Your task
With the pictures omitted, transcribe each line below exactly as it is.

Information shown
————

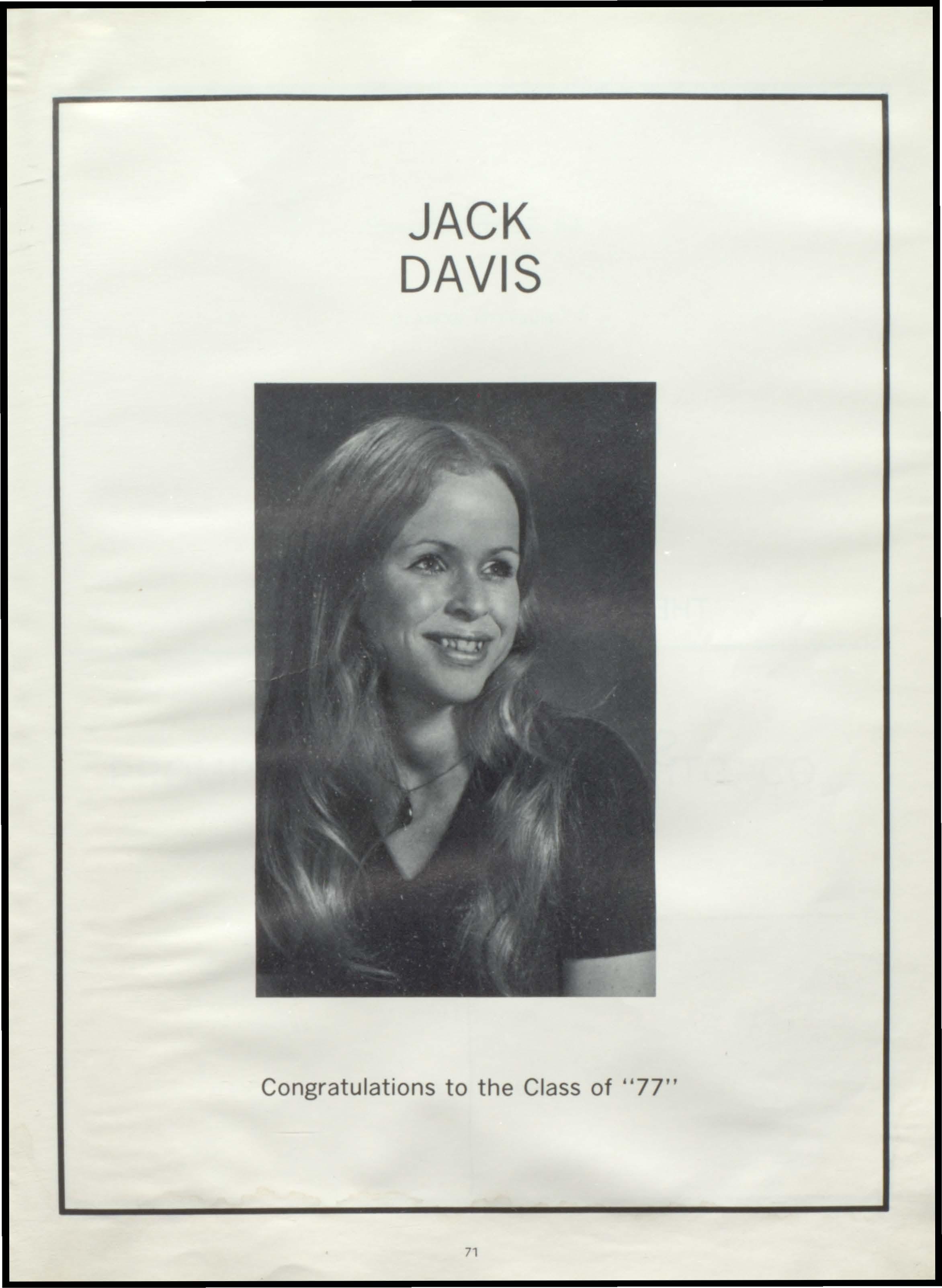CONGRATULATIONS JEFF FROM HENRY THANK GOD WE DON'T HAVE TO RIDE TO SCHOOL TOGETHER ANYMORE. WE HAD A GOOD TIME ANYWAY. THANKS TO THE CLASS OF 1977. GOOD LUCK
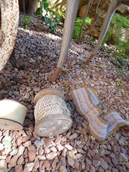 Sobre la gravilla no se distinguen demasiado, pero sobre un suelo normal de casa sí....y equilibra un poco visualmente los tonos marrones y ocres de la parte superior de la mesita.
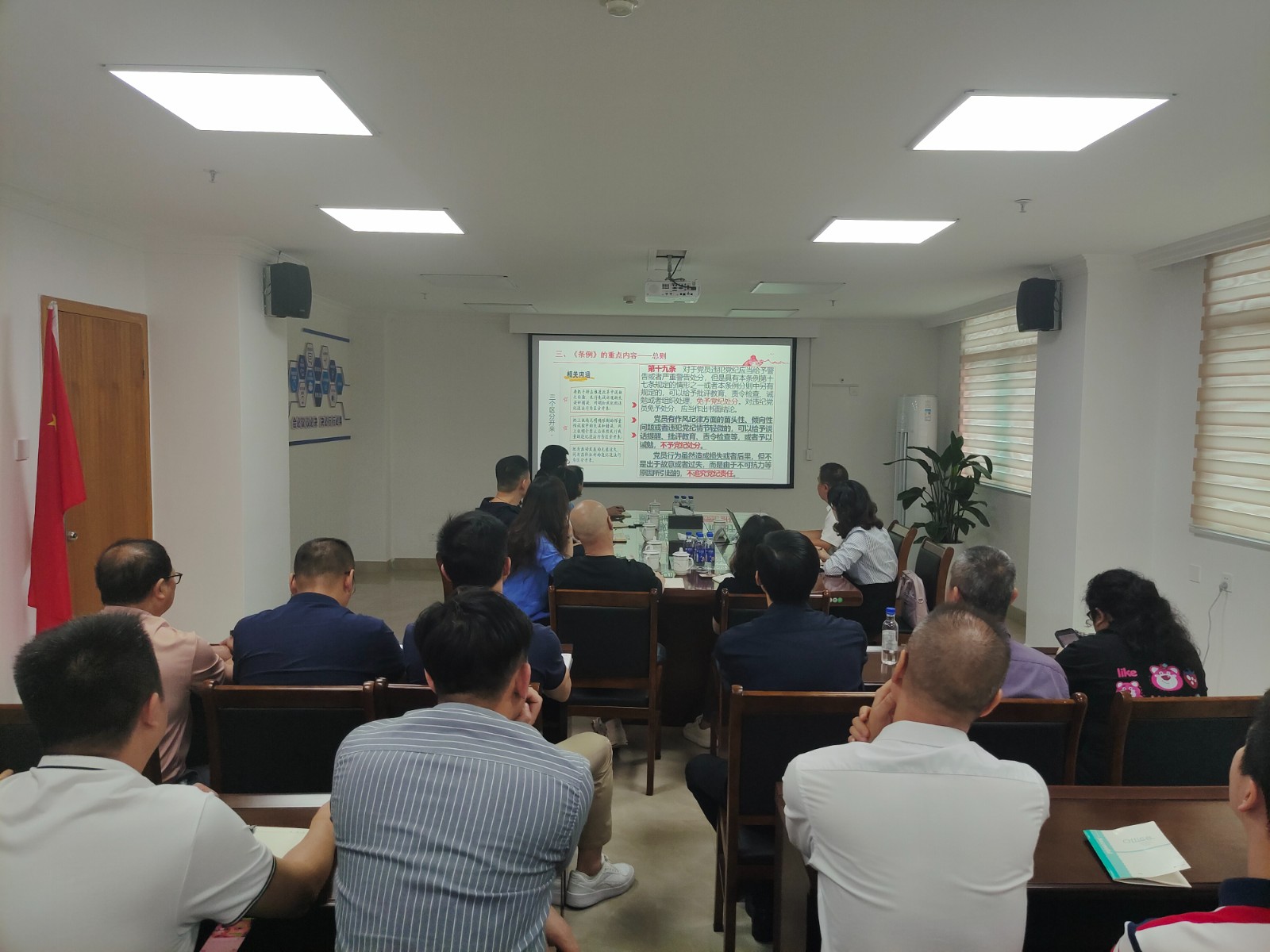 课上,张捷同志围绕新修订的《中国共产党纪律处分条例》,从《条例》的历史沿革、修订背景、重点内容、贯彻执行等方面带领全体参会人员深入学习,通过对《条例》的理解、查摆问题差距、列举典型案例和分享工作经验等方式进行了讲解,教育引导全体党员干部加强对党的纪律建设重要性的认识,加强自我约束、提高免疫能力,做到严守纪律规矩,不碰底线红线,真正做到学深悟透、笃行做实。同时结合公司发展实际,重申“六项纪律”,对公司纪律建设各项工作进行了强调和部署,要求全体党员干部要将党纪学习教育取得的阶段性成果转化为干事创业的思想自觉和实践自觉,增强纪律意识和规矩意识,严防诱惑之微、严堵蜕变之渐、严拒气节之失。

————

Solution to this exercise
CONGRATULATIONS JEFF FROM HENRY THANK GOD WE DON'T HAVE TO RIDE TO SCHOOL TOGETHER ANYMORE. WE HAD A GOOD TIME ANYWAY. THANKS TO THE CLASS OF 1977. GOOD LUCK
 Sobre la gravilla no se distinguen demasiado, pero sobre un suelo normal de casa sí....y equilibra un poco visualmente los tonos marrones y ocres de la parte superior de la mesita.
 课上,张捷同志围绕新修订的《中国共产党纪律处分条例》,从《条例》的历史沿革、修订背景、重点内容、贯彻执行等方面带领全体参会人员深入学习,通过对《条例》的理解、查摆问题差距、列举典型案例和分享工作经验等方式进行了讲解,教育引导全体党员干部加强对党的纪律建设重要性的认识,加强自我约束、提高免疫能力,做到严守纪律规矩,不碰底线红线,真正做到学深悟透、笃行做实。同时结合公司发展实际,重申“六项纪律”,对公司纪律建设各项工作进行了强调和部署,要求全体党员干部要将党纪学习教育取得的阶段性成果转化为干事创业的思想自觉和实践自觉,增强纪律意识和规矩意识,严防诱惑之微、严堵蜕变之渐、严拒气节之失。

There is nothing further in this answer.